Marko’s own departure, announced this week by Red Bull GmbH after more than 20 years in his senior advisor role, appeared to close the book on the old guard. Not so, in his telling.

“Those last few years with Horner were not pleasant. There were dirty games being played,” Marko said. He even suggested some of the stormiest headlines were manufactured. Citing the 2023 Monza furore — when he apologised after remarks about Sergio Perez’s form and heritage sparked outrage — Marko now alleges: “That was fabricated, perhaps by them.”

He added another charge: that a 2024 rumour about Red Bull Powertrains being behind schedule with Ford — and a supposed risk to the partnership — was wrongly attributed to him and used as a pretext to try to suspend him. “I never said that, but Horner wanted to use it to suspend me. Because Max stepped in at Jeddah, it didn’t happen.”

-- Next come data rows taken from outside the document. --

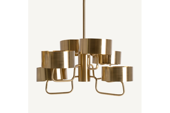 Lámpara de colgar, fabricado en acero en color dorado.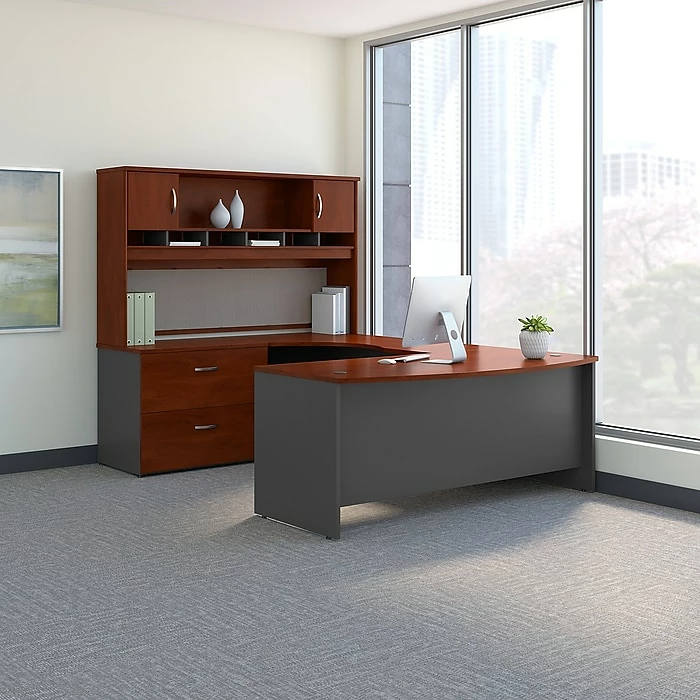 Outfit your office with the impressive style, spacious surfaces and professional quality of this Bush Business Furniture Westfield U Shaped Desk. Constructed with a durable thermally fused laminate finish and thick end panels to fend off damage, the Left Handed Desk provides plenty of room for productivity and multitasking. The inviting Bow Front design allows guests to pull up chairs and take notes. Brushed Nickel hardware and extended modesty panels create a classic look. Feed computer cables through wire management grommets for an organized work surface, and store paperwork in the Lateral File Cabinet. The Hutch has an open center section, 6 cubby shelves, 2 doors and a fabric tack board to keep everything you need nearby. Westfield offers endless layout options, expansion opportunities and 7 finishes. Backed by a 10 Year Warranty. American made with U.S. and imported parts.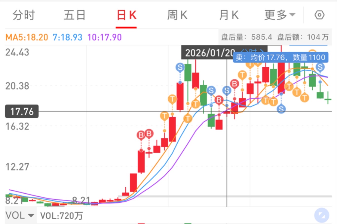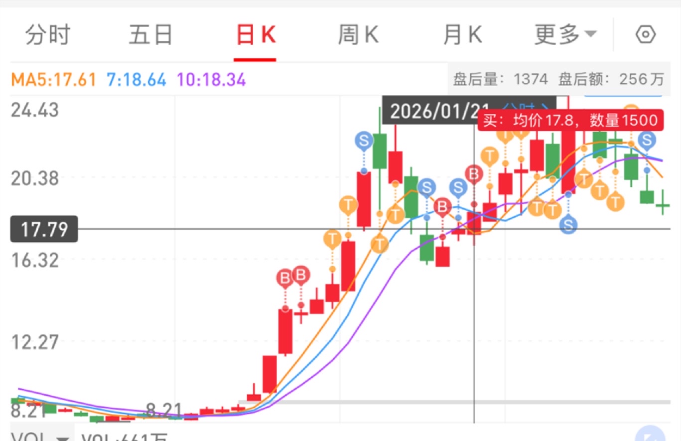 直到0121这天,开盘下杀以后经历简单的分歧,在均线附近震荡后大单拉升过昨日价格后,我确定蓝色光标这种票的二波要启动了,至于最后是双头还是二波主升,无法判断,但是至少还是有一定的空间。于是0121再过前一天的17.78的时候挂单进,最后成交金额是17.8。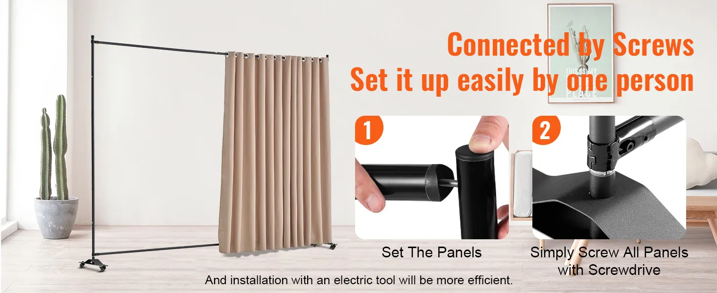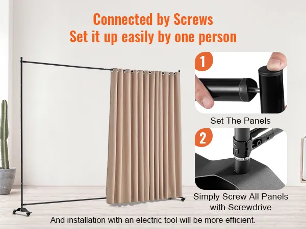Our partition room dividers feature screw installation, making it easy for one person to assemble them with basic tools.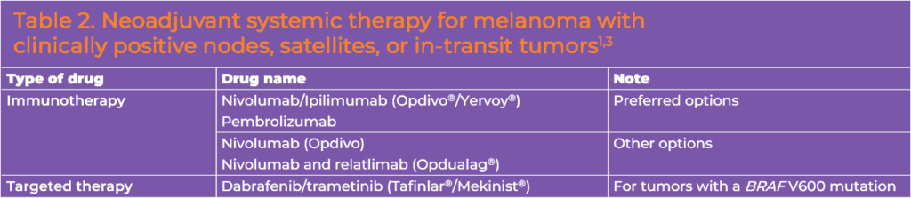 Preferred regimens in the guidelines include nivolumab plus ipilimumab (category 1) and pembrolizumab (category 2a).3 Clinical trials supporting these options are summarized in Table 3.16-19 Other regimens include nivolumab with or without relatlimab and dabrafenib plus trametinib for BRAF V600-mutated melanoma (all category 2a).3 Neoadjuvant pembrolizumab did not significantly increase toxicity in the perioperative period compared with adjuvant therapy, and surgical outcomes were not negatively impacted. Overall survival data are not available yet. The United States Food and Drug Administration (FDA) has not approved these regimens, pending the completion of randomized phase 3 studies.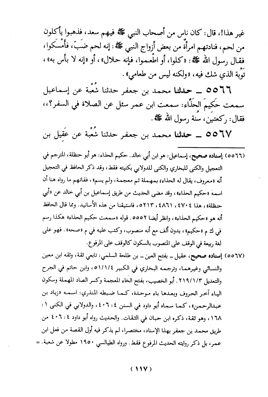 5566 - حدثنا محمد بن جعفر حدثنا شُعْبة عن إسماعيل سمعت حَكيمَ الحَذَّاء: سمعت ابن عمر سئل عن الصلاة في السفر؟،، فقال: ركعتيَن، سنة رسول الله -صلي الله عليه وسلم -.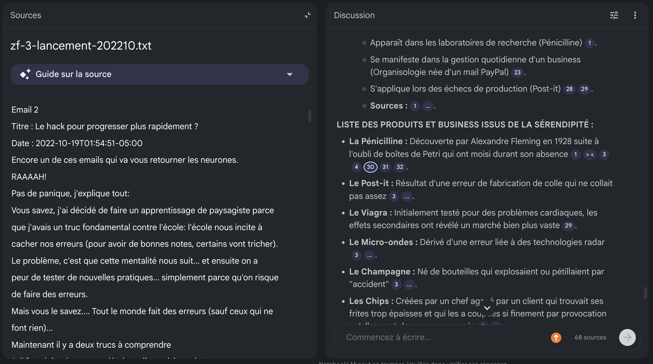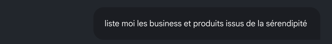 Désormais j'utilise Notebook LM pour trouver des idées que j'ai déjà rédigées et c'est game changer (par exemple la liste de produits découverts avec "sérendipité" est issue de mon Notebook LM, qui a accès à tous mes e-mails et qui va chercher les exemples (je sais que je les ai rédigés dans un e-mail)...

Talk of Marko’s potential suspension did swirl around the Saudi Arabian Grand Prix in 2024, before the situation cooled. Marko’s version of events places Verstappen firmly in his corner at a crucial moment — a familiar thread in the team’s internal politics over the past two seasons.

Perhaps most damning for Horner is Marko’s claim that Yoovidhya eventually shifted away from the former team boss. “We were increasingly able to prove that Horner was lying about all sorts of things. Once Chalerm realised this too, he had a change of heart.” That version would help explain the sudden loss of top-level backing that preceded Horner’s exit in mid-2025.

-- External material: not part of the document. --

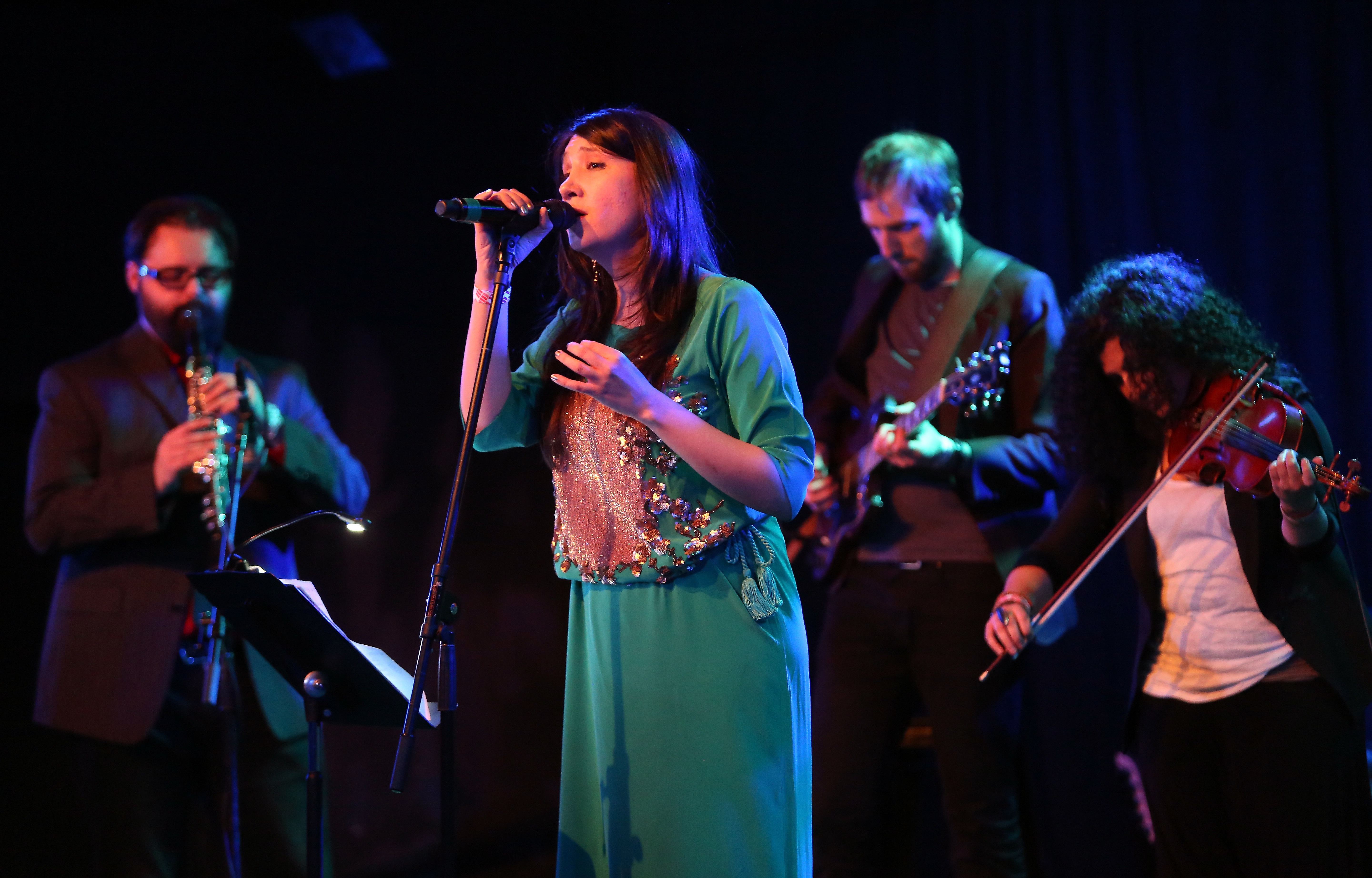 Winograd has no illusions about Sandaraa’s identity. “As a band we’re steeped in Western technique and theory,” Winograd states. “We have thought about the ideal show we’d like to present, about how folk songs can work when we play them as a group,” a band that includes a violinist steeped in Turkish tradition (Eylem Basaldi), respected jazz players (percussionist Richie Barshay, best known for his work with Herbie Hancock, and bassist David Lizmi), an accordionist-mainstay of the klezmer scene (Patrick Farrell), and an exploration-loving guitar and oud player, whose lines capture the plunk and grit of the Pashto rubab (Yoshie Fruchter).

Marko also disputes Red Bull GmbH’s framing of his own departure as his decision, despite CEO Oliver Mintzlaff saying he “deeply regretted” it. He labelled the parent company’s statement “full of nonsense” and said he had to call Max Verstappen quickly to inform him he was out — a suggestion that the timing and message weren’t his to control.

It’s worth stating the obvious: these are Marko’s allegations, delivered with the sting of a man who believes his camp won the last round but lost the war. Horner, for his part, has long denied any wrongdoing and survived multiple internal probes before his Silverstone sacking. Red Bull, meanwhile, has tried to project stability, but that’s a hard sell when two of the organisation’s most powerful figures of the last 20 years have departed under clouds and are now trading accusations through the press.

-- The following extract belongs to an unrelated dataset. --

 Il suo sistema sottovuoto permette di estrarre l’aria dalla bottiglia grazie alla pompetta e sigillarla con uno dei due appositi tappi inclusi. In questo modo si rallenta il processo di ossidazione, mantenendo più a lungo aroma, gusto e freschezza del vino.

The broader stakes are clear. Red Bull Racing — constructed in the Mateschitz era with a delicate balance between Milton Keynes and Salzburg — now has to define its identity without Mateschitz, without Horner, and without Marko. Max Verstappen remains the anchor on the driving side, but the political centre of gravity isn’t what it was.

If Marko’s interview is any guide, the story behind the story at Red Bull still has a few laps to run. The headlines will say he accused Horner of lying. The subtext is sharper: control of Red Bull Racing has been contested since 2022, and the fallout is still hitting the paddock in 2025. The only certainty is that everyone in Formula 1 is watching what comes next.